PS: PLEASE DON'T COMMENT THAT GIVEN DATA IS NOT CLEAR!!!!! GIVEN DATA IS CLEAR AND has to be done a REGRESSION model in Excel WITH THAT DATA and interpret the results obtained from the equation based on the questions. IF YOU DON'T KNOW HOW TO DO ANOVA , PLEASE DON'T ANSWER.

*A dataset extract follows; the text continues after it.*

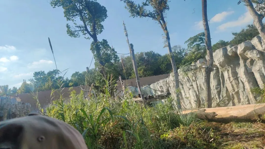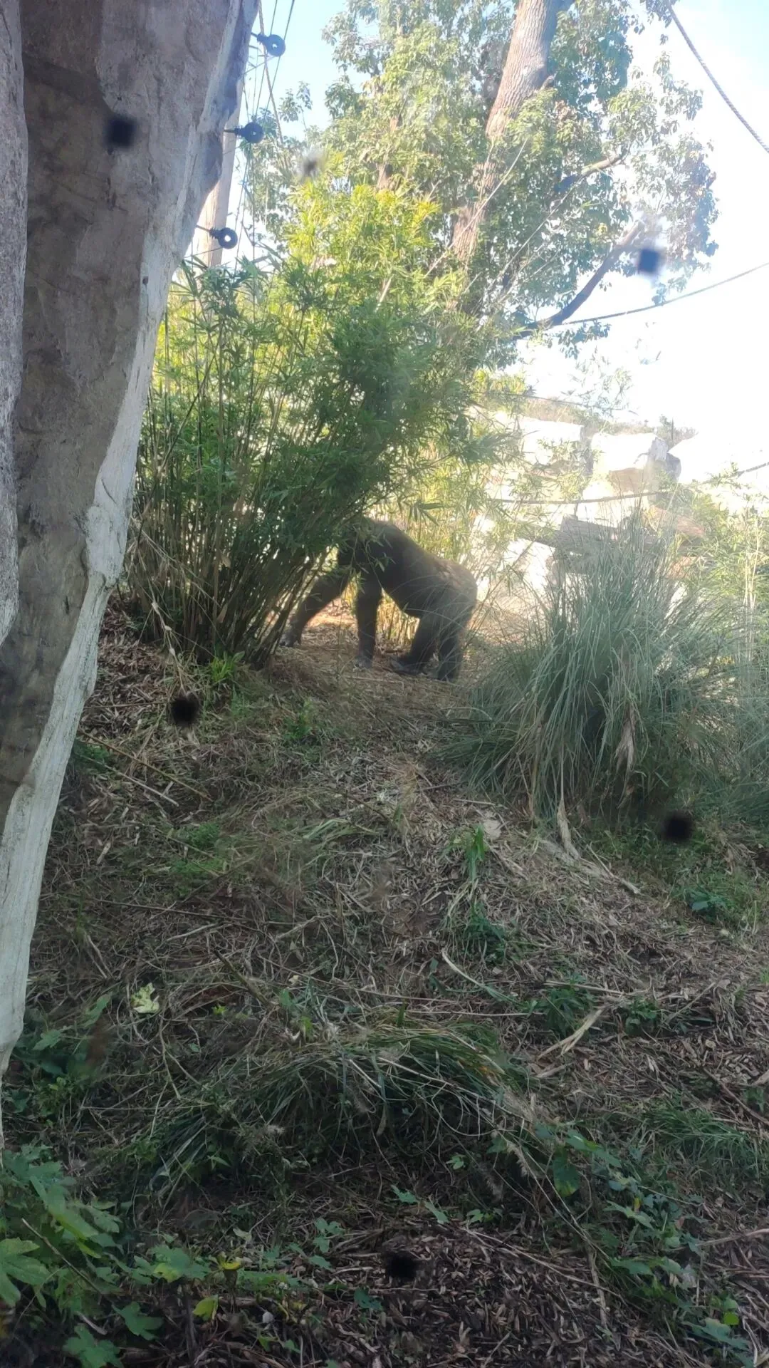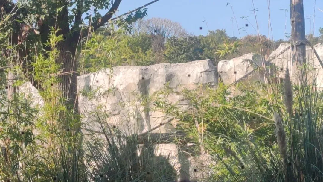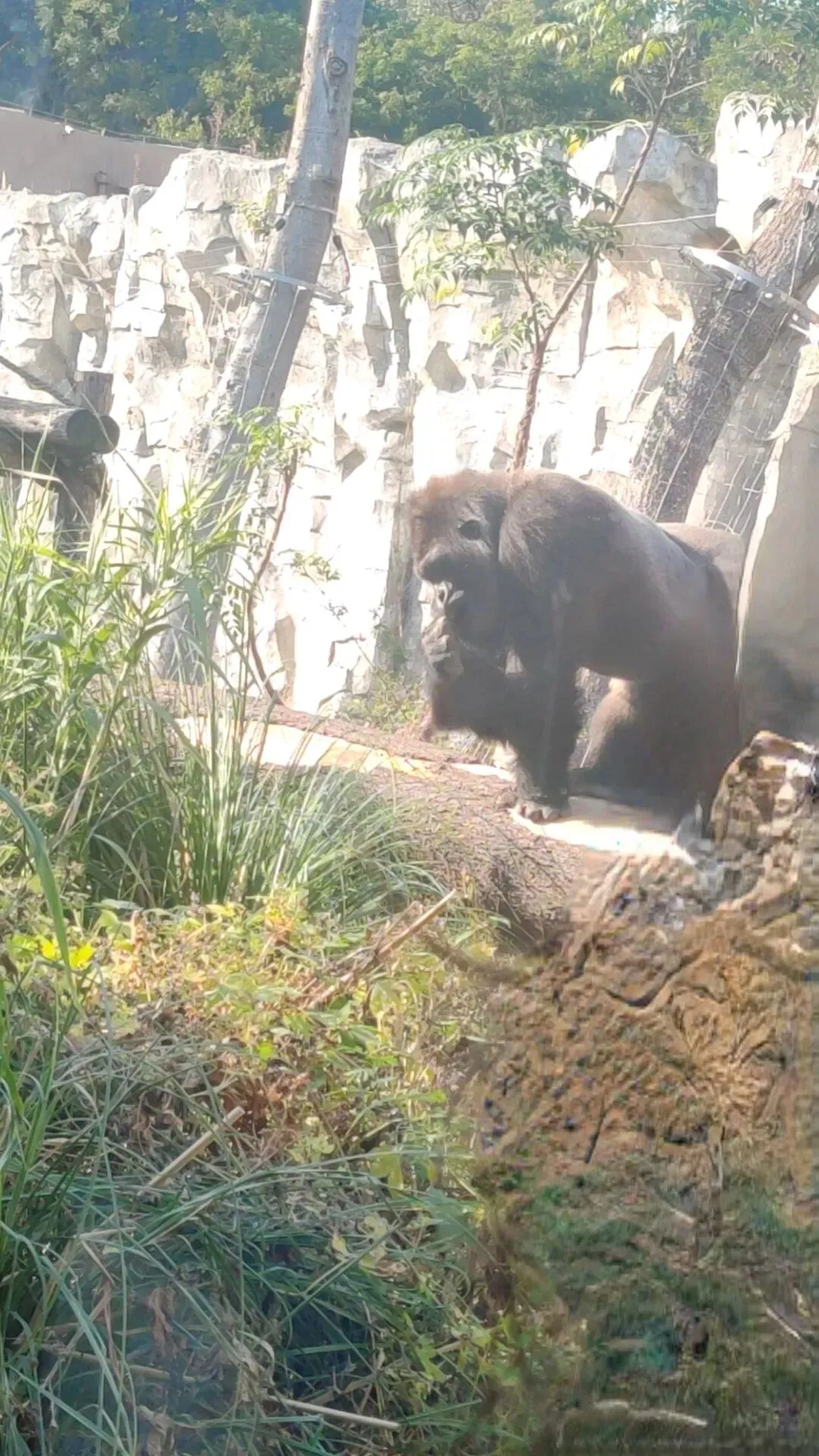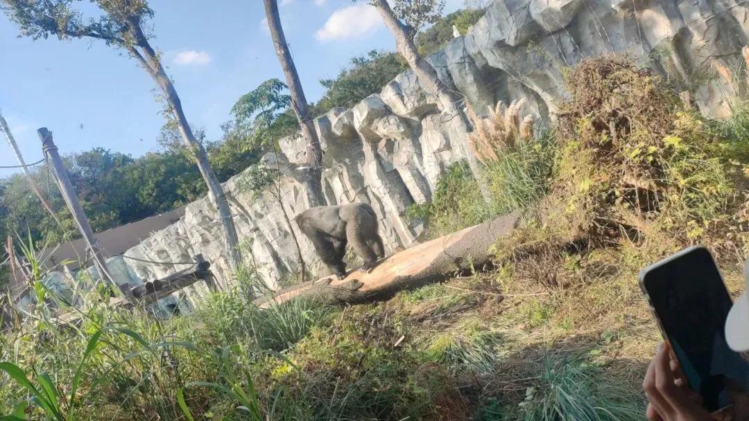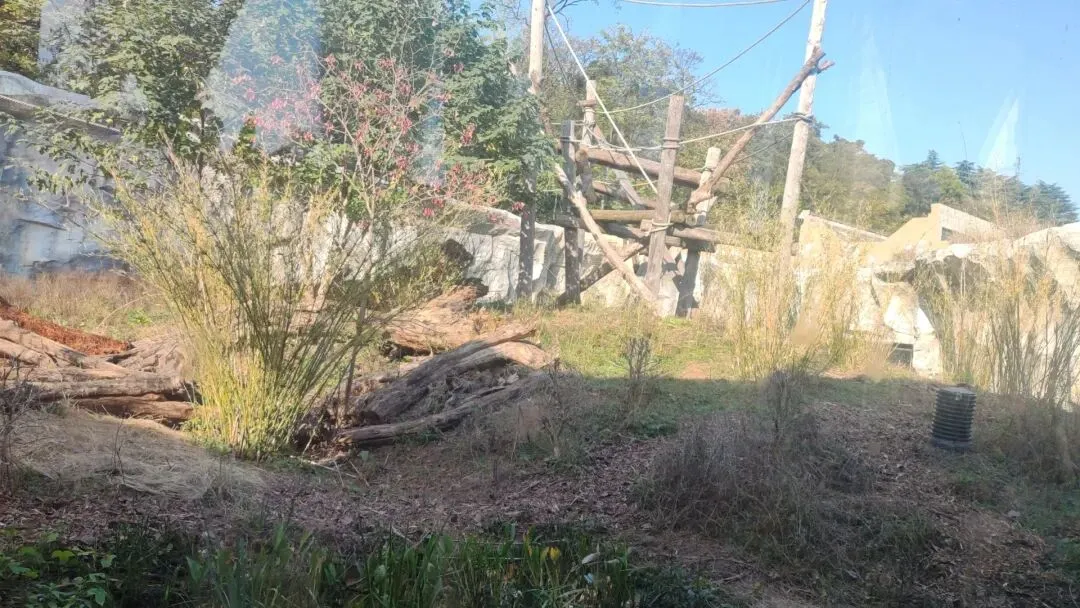 也有分散在不同位置的茂密植被以及树木。可供大猩猩随时将庞大的身形有效隐匿在其中或后方,使动物不会因为长时间无死角暴露在游客视线中而感到压力,在天气炎热时也能获取这些植物产生的充足自然遮阴效果,动物日常可根据自身需求随时切换不同的活动环境,有效满足了动物各种日常需求。

IF YOU ALREADY ANSWERED THIS PROBLEM, PLEASE DON'T GIVE SAME ANSWER AGAIN.
THANK YOU.
Solution :-
Though the question says that the average number of advertisement and price are given, in the dataset, only ordinal data for price and advertisement is given. So, we define dummy binary variables to take care of this situation.
Q1.
Let X = (X1, X2) be a set of binary variable such that when there is a high advertisement, X1=X2=1, when low advertisement, X1=1, X2=0, and for no advertisement X1=X2=0
SUMMARY OUTPUT | ||||||
Regression Statistics | ||||||
Multiple R | 0.599 | |||||
R Square | 0.359 | |||||
Adjusted R Square | 0.336 | |||||
Standard Error | 193.592 | |||||
Observations | 60.000 | |||||
ANOVA | ||||||
df | SS | MS | F | Significance F | ||
Regression | 2 | 1194253.233 | 597126.6167 | 15.93277026 | 3.1881E-06 | |
Residual | 57 | 2136239.75 | 37477.89035 | |||
Total | 59 | 3330492.983 | ||||
Coefficients | Standard Error | t Stat | P-value | Lower 95% | Upper 95% | |
Intercept | 485.70 | 43.29 | 11.22 | 0.00 | 399.02 | 572.38 |
X1 | 163.05 | 61.22 | 2.66 | 0.01 | 40.46 | 285.64 |
X2 | 182.35 | 61.22 | 2.98 | 0.00 | 59.76 | 304.94 |
So, the regression equation is:
No. of Shoppers (Y) = 485.70 + 163.05 X1 + 182.35 X2
Where, (X1, X2) = (0,0) for no advertisement, = (1,0) for low advetisement, and (1,1) for high advertisement.
Q2.
Let X3 be another binary variable such that X3=1 when the price is high and X3=0 otherwise.
SUMMARY OUTPUT | |||||
Regression Statistics | |||||
Multiple R | 0.756 | ||||
R Square | 0.571 | ||||
Adjusted R Square | 0.548 | ||||
Standard Error | 159.757 | ||||
Observations | 60 | ||||
ANOVA | |||||
df | SS | MS | F | Significance F | |
Regression | 3 | 1901239.383 | 633746.4611 | 24.83100397 | 2.38998E-10 |
Residual | 56 | 1429253.6 | 25522.38571 | ||
Total | 59 | 3330492.983 | |||
Coefficients | Standard Error | t Stat | P-value | Lower 95% | |
Intercept | 594.25 | 41.25 | 14.41 | 0.00 | 511.62 |
X1 | 163.05 | 50.52 | 3.23 | 0.00 | 61.85 |
X2 | 182.35 | 50.52 | 3.61 | 0.00 | 81.15 |
X3 | -217.10 | 41.25 | -5.26 | 0.00 | -299.73 |
No. of Shoppers (Y) = 594.25 + 163.05 X1 + 182.35 X2 - 217.10 X3
The second model is better predicting becasue we find the multiple R-squared values having higher value for the second value.